UBA, which links a network of employer-benefits agencies across the country, found in 2010 surveys that roughly 12 percent of employers with fewer than 200 workers have self-funded plans, but more are showing interest in them since the passage of the health reform law a year ago.

Among all companies surveyed by UBA last year, 12 percent of employers want to switch to self-funding someday.

“Self-funded plans will become more common and provide more control,” said Jeff Hadden, a partner of Indianapolis-based LHD Benefits, also known as LoCascio Hadden & Dennis LLC, in the UBA report.

A self-funded health benefits plan requires an employer to pay its workers’ medical claims rather than paying an insurance company to handle them. Self-funded means a company bears the risk of really large claims. Therefore, many self-funded employers buy stop-loss insurance that kicks in for large one-time bills or when overall claims reach a high threshold.

Employers like self-funded plans because the costs can be less, but the drawback is costs can be unpredictable.

The new law tries to hold down prices for all firms by requiring insurers to spend at least 80 percent of premiums on health benefits, something called a minimum medical-loss ratio. Also, the new health reform law will no longer allow health insurers selling fully funded coverage to price their policies based on the health status of an employers’ workers. For health plans covering fewer than 100 people, insurers will be able to adjust prices only for age, tobacco use, family versus self-coverage and region.

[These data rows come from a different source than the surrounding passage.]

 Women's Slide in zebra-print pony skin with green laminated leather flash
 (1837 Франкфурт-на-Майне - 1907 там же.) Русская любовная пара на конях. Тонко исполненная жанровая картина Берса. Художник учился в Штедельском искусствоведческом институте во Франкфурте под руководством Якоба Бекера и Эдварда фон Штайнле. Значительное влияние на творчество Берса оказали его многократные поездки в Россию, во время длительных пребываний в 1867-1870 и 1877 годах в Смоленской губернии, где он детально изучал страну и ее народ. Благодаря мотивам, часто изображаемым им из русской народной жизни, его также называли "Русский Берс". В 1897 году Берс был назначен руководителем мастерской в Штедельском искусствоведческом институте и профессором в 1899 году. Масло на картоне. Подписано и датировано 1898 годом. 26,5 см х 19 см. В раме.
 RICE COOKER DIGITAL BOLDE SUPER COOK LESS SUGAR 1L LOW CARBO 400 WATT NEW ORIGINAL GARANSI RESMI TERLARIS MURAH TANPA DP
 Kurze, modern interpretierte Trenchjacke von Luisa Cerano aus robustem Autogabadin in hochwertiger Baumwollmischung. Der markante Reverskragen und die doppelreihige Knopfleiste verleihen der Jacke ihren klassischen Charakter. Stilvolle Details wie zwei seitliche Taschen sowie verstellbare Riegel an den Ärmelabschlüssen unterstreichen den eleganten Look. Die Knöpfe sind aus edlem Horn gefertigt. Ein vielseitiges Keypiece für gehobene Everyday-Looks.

This so-called “community rating system” will benefit employers with unhealthy workers. However, the new rules likely will raise costs for companies with healthy workers. Also, because community rating sets prices based on a pool of employers in one geographic region, efforts by individual companies to use wellness programs to improve their workers’ health would have minimal effect on the cost of coverage.

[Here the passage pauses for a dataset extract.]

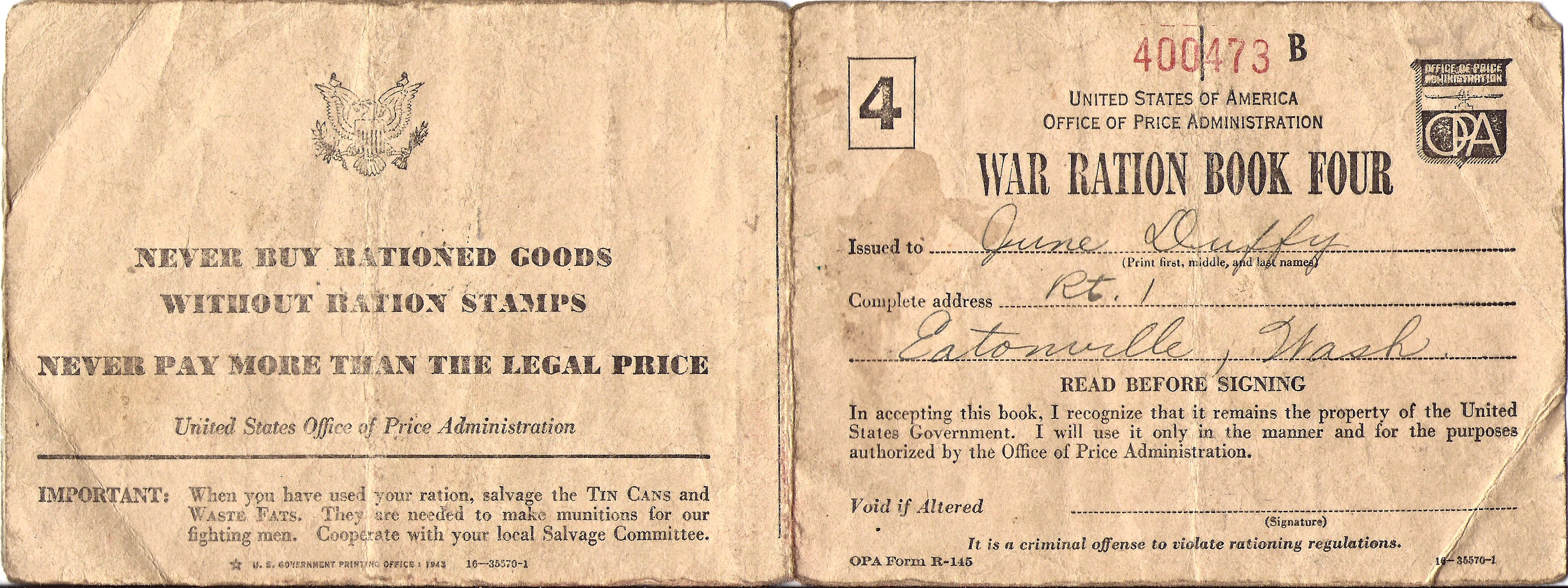 War fation books were common place during WWII. Here’s June (Duffy) Carney’s booklet.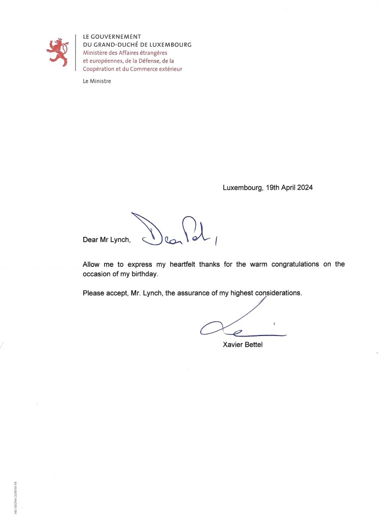 Response from Xavier Bettel, The Prime Minister of Luxembourg on the occasion of his 51st birthday.

“The sickest groups will remain fully funded and rely on community rates and mandated medical-loss ratios,” said Hadden at LHD Benefits. He added, “If groups are self-funded with appropriate levels of protection in place, they have more control over their costs and don’t have to be driven by the community rate.”

Stop-loss insurers, recognizing the growing interest from small firms, recently started offering coverage for employers with as few as 25 workers, Hadden noted.